So now we're going to want to do the rest of this. translate and filter, then keep drawing from the sequence until we have all our squares filled
var spiralCoordinates = spiral().map{ Coordinates(it.row+rStart, it.column+cStart)}
var onGridSpiral = spiralCoordinates.filter { it.row in 0..(rows-1) && it.column in 0..(columns-1) }
var gridInSpiralOrder = onGridSpiral.take(rows*columns)
And to view output output, do this
"\n"+gridInSpiralOrder.map{ "[${it.row}, ${it.column}]"}.joinToString("\n")
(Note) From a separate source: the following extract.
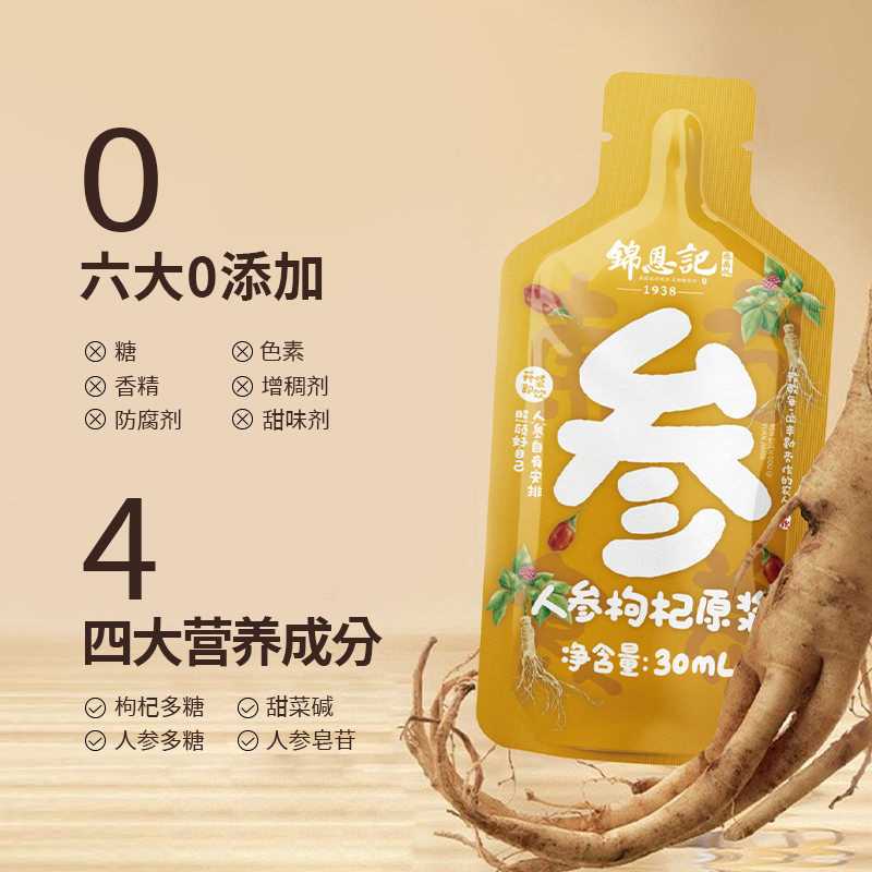 锦恩记辛吉飞人参枸杞原浆东北长白山人参宁夏枸杞子汁官方旗舰店

Lets see it with values from example 1
var rows = 1
var columns = 4
var rStart = 0
var cStart = 0
res0: kotlin.String =
[0, 0]
[0, 1]
[0, 2]
[0, 3]
res1: kotlin.String = >>>
That's right, what if we started in column 2?
var rows = 1
var columns = 4
var rStart = 0
var cStart = 2
res2: kotlin.String =
[0, 2]
[0, 3]
[0, 1]
[0, 0]
res3: kotlin.String = >>>
Oh that's cool. And the right answer. Lets see it with Example 2
var rows = 5
var columns = 6
var rStart = 1
var cStart = 4
res4: kotlin.String =
[1, 4]
[1, 5]
[2, 5]
[2, 4]
[2, 3]
[1, 3]
[0, 3]
[0, 4]
[0, 5]
[3, 5]
[3, 4]
[3, 3]
[3, 2]
[2, 2]
[1, 2]
[0, 2]
[4, 5]
[4, 4]
[4, 3]
[4, 2]
[4, 1]
[3, 1]
[2, 1]
[1, 1]
[0, 1]
[4, 0]
[3, 0]
[2, 0]
[1, 0]
[0, 0]
res5: kotlin.String = >>>
Why yes. That's the exactly same answer!